▸ **Instructions for the task**: What you return must be the lines from the first one below through the one containing "Đang gồng lỗ", exactly and with pictures excluded.

====== Data to examine

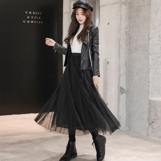 Chân Váy Lưới Dáng Chữ A Dài Qua Gối Thời Trang Mùa Đông Cho Nữ
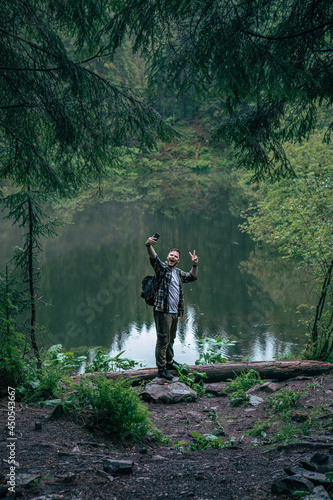 Fototapeta premium strong man hiker looking at mountain lake
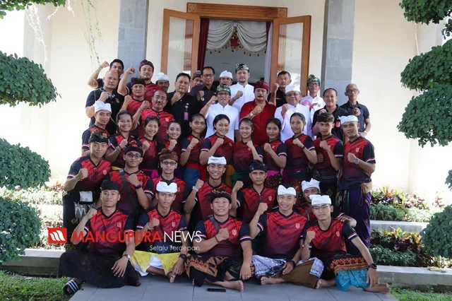 PUSPEM BADUNG, MANGUPURANEWS – Bupati Badung I Nyoman Giri Prasta bersama Wakil Bupati Badung I Ketut Suiasa melepas Tim Ikatan Pencak Silat Indonesia (IPSI) Bali yang akan berlaga pada pra PON ke-20 di Jakarta di Rumah Jabatan Bupati, Puspem Badung pada Minggu (10/11). Turut hadir Dewan Pendekar Persatuan Seni Pencak Silat (PSPS) Bakti Negara Pusat I Bagus Alit Sucipta, Sekretaris PSPS Bakti Negara I Bagus Nyoman Wiranata dan para pelatih serta atlit.
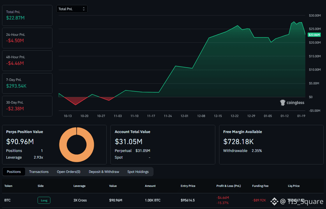 Đang gồng lỗ -$4.6 Triệu USD cho lệnh Long 1,000 BTC.
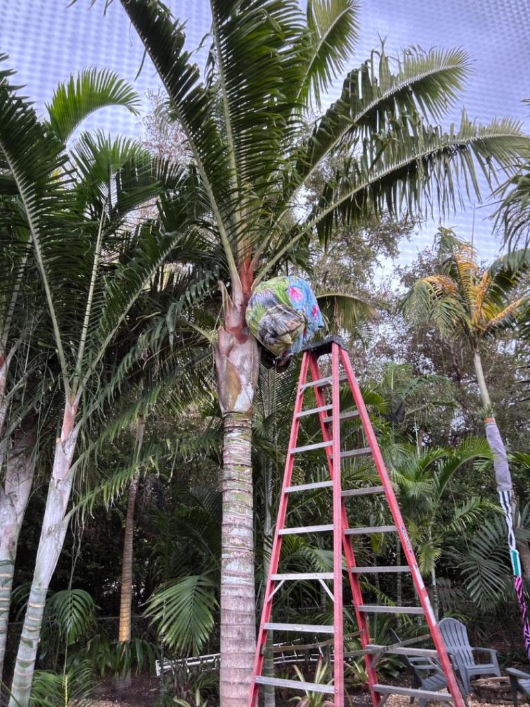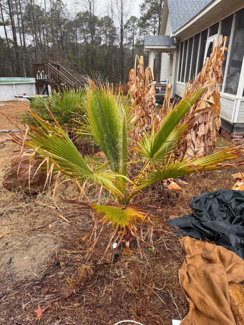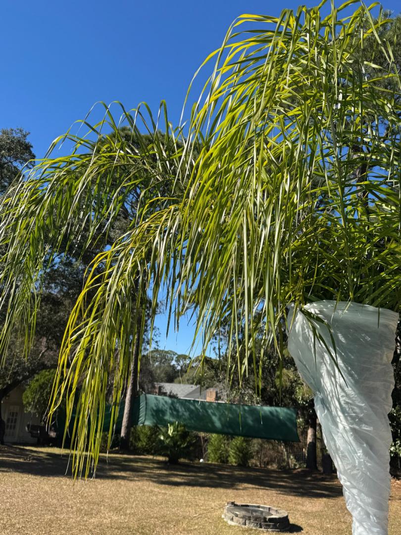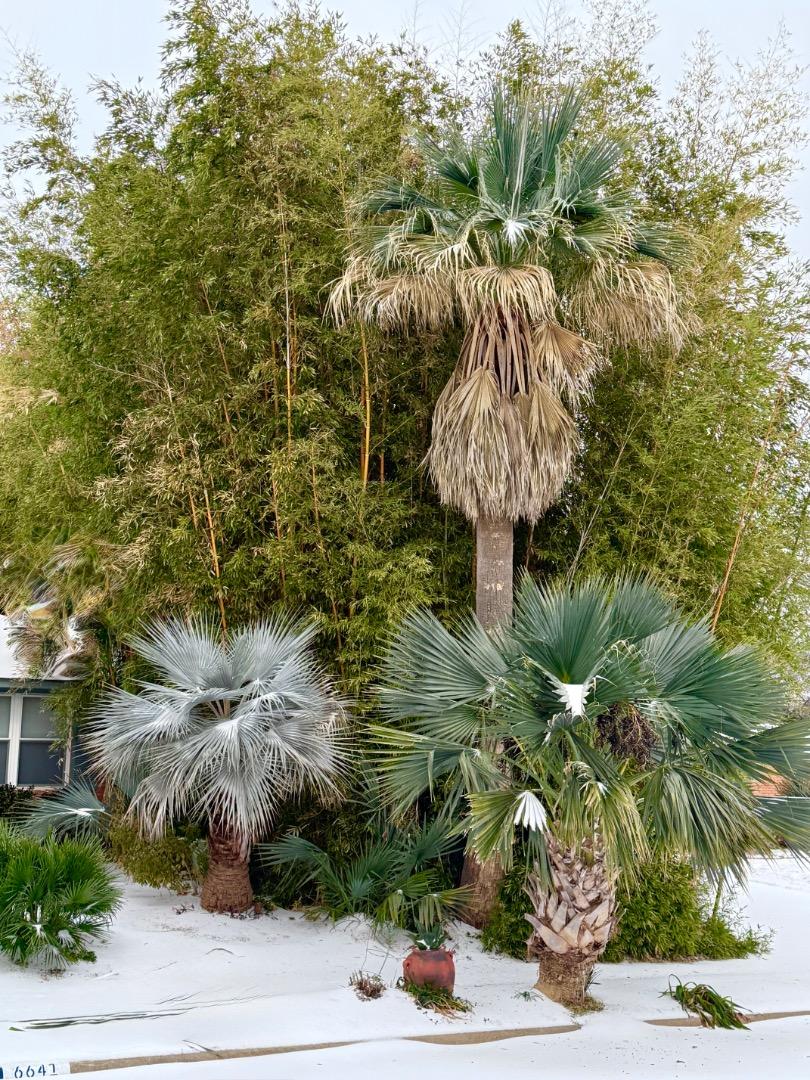 The damage on some palms and cycads seems wildly inconsistent. It's really strange: Dioon Merolae has 8 or 9 totally torched fronds, and one untouched solid green one! Zamia Vasquezii on the N side of an Alfredii is 100% burnt to a crisp, and an identical one 6 feet away looks nearly perfect. More normal is the behavior of some Encephalartos Ferox in the open (exposed to wind) 100% torched, others with some windbreak are lightly damaged. I did pull one spear from a small B. Alfredii today. It is about 3 feet tall, so it is still super skinny near the bud. I haven't tried pulling on many spears yet. I am sure of 100% mortality on all Burretiokentia and Cyphophoenix species, along with several Dypsis/Chysalidocarpus Lanceolata and Pembana. The Lutescens will probably regrow from the roots. A bunch of others probably have bud death and I just won't know for a couple of months. Some stuff I am just going to "edit" out now instead of trying to fix them.4 points
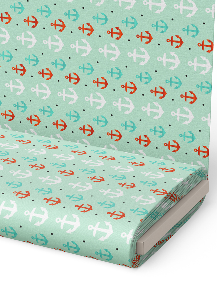 Tecido Helanca Estampa Digital Ancoras Fundo Verde 1,55m de Largura
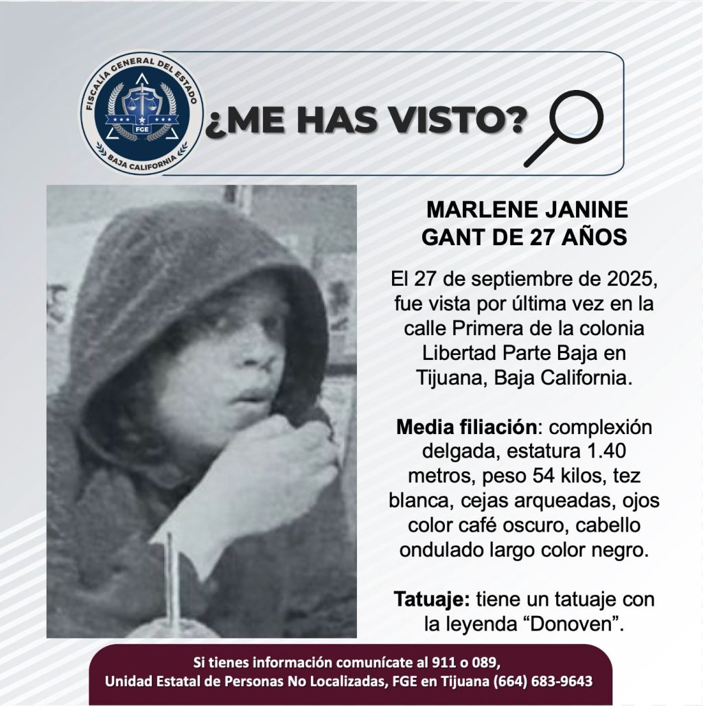 TIJUANA, OCTUBRE 13, 2025.- La Fiscalía General del Estado (FGE), solicita el apoyo de la ciudadanía para localizar a Marlene Janine Gant de 27 años de edad.
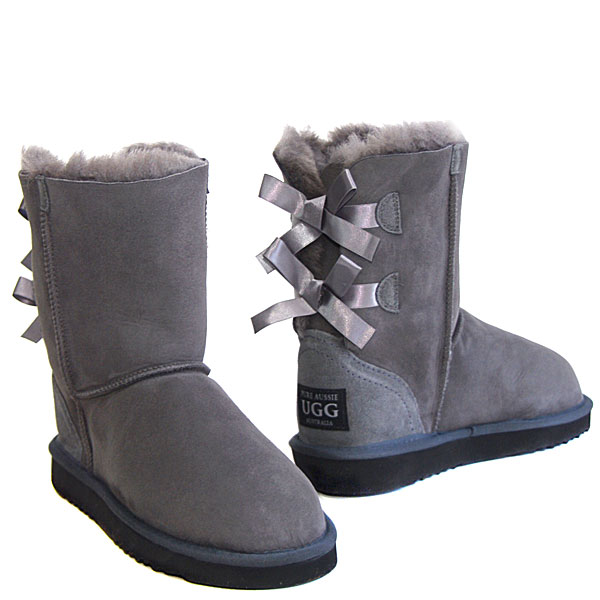 Short Metro Bow Ugg Boots - Grey
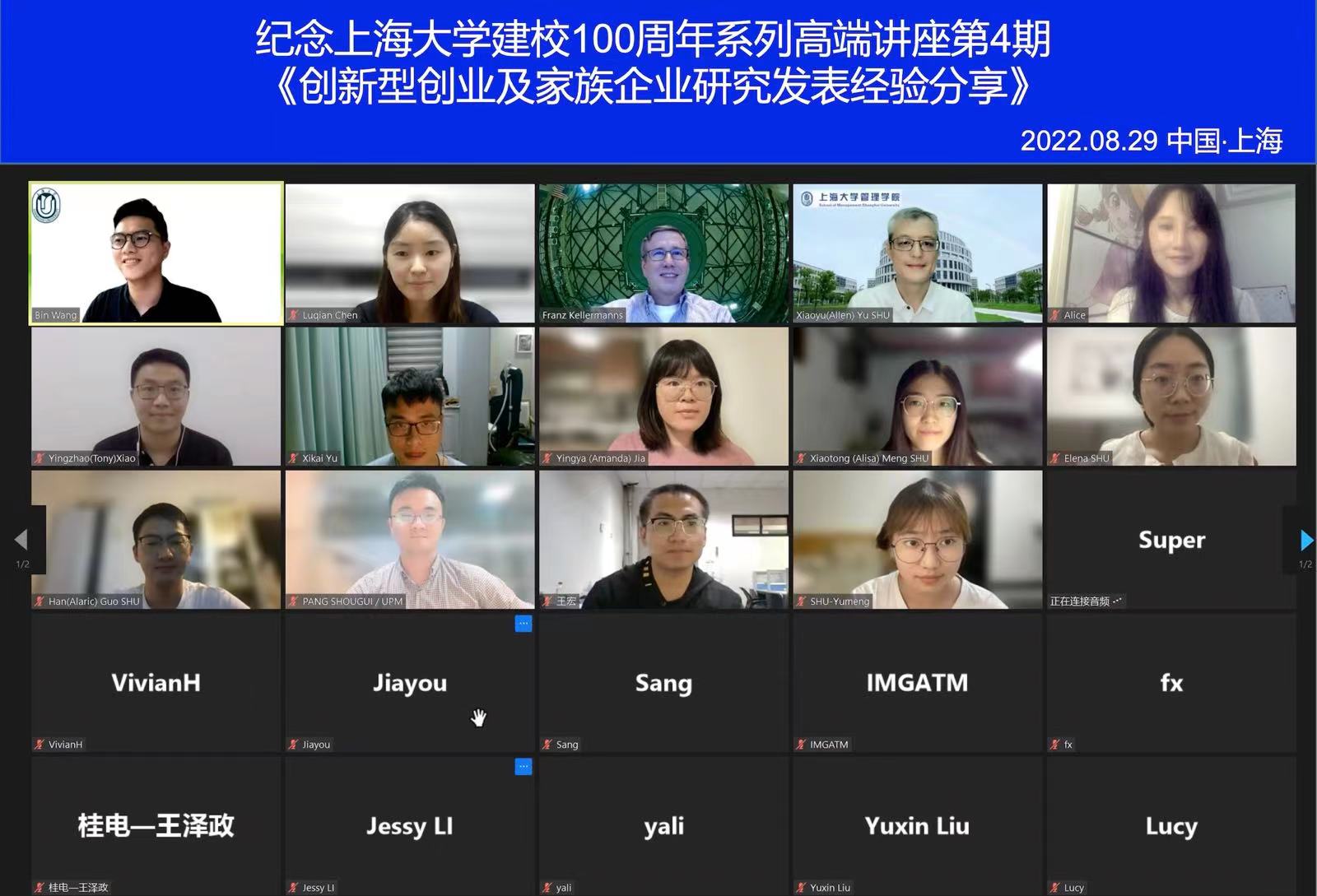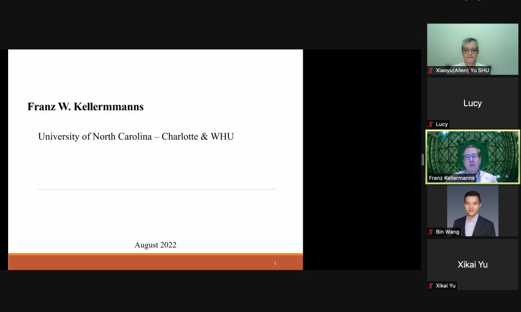 8月29日,纪念诸侯快讯入口官网建校100周年系列高端讲座第4期《创新型创业及家族企业研究发表经验分享》在ZOOM在线会议室举行,讲座由诸侯快讯入口官网管理学院、诸侯快讯入口官网数字创新与高质量发展研究中心、上海高水平地方高校“数字创新管理与治理”重点创新团队、上海市软科学研究基地—上海企业创新与高质量发展研究中心联合主办。主讲人为来自美国北卡罗来纳大学夏洛特分校贝尔克商学院(Belk College of Business, University of North Carolina-Charlotte)的Franz W. Kellermanns教授,讲座由诸侯快讯入口官网管理学院副院长于晓宇教授主持。

============

▸ **Solution for this problem**:
 Chân Váy Lưới Dáng Chữ A Dài Qua Gối Thời Trang Mùa Đông Cho Nữ
 Fototapeta premium strong man hiker looking at mountain lake
 PUSPEM BADUNG, MANGUPURANEWS – Bupati Badung I Nyoman Giri Prasta bersama Wakil Bupati Badung I Ketut Suiasa melepas Tim Ikatan Pencak Silat Indonesia (IPSI) Bali yang akan berlaga pada pra PON ke-20 di Jakarta di Rumah Jabatan Bupati, Puspem Badung pada Minggu (10/11). Turut hadir Dewan Pendekar Persatuan Seni Pencak Silat (PSPS) Bakti Negara Pusat I Bagus Alit Sucipta, Sekretaris PSPS Bakti Negara I Bagus Nyoman Wiranata dan para pelatih serta atlit.
 Đang gồng lỗ -$4.6 Triệu USD cho lệnh Long 1,000 BTC.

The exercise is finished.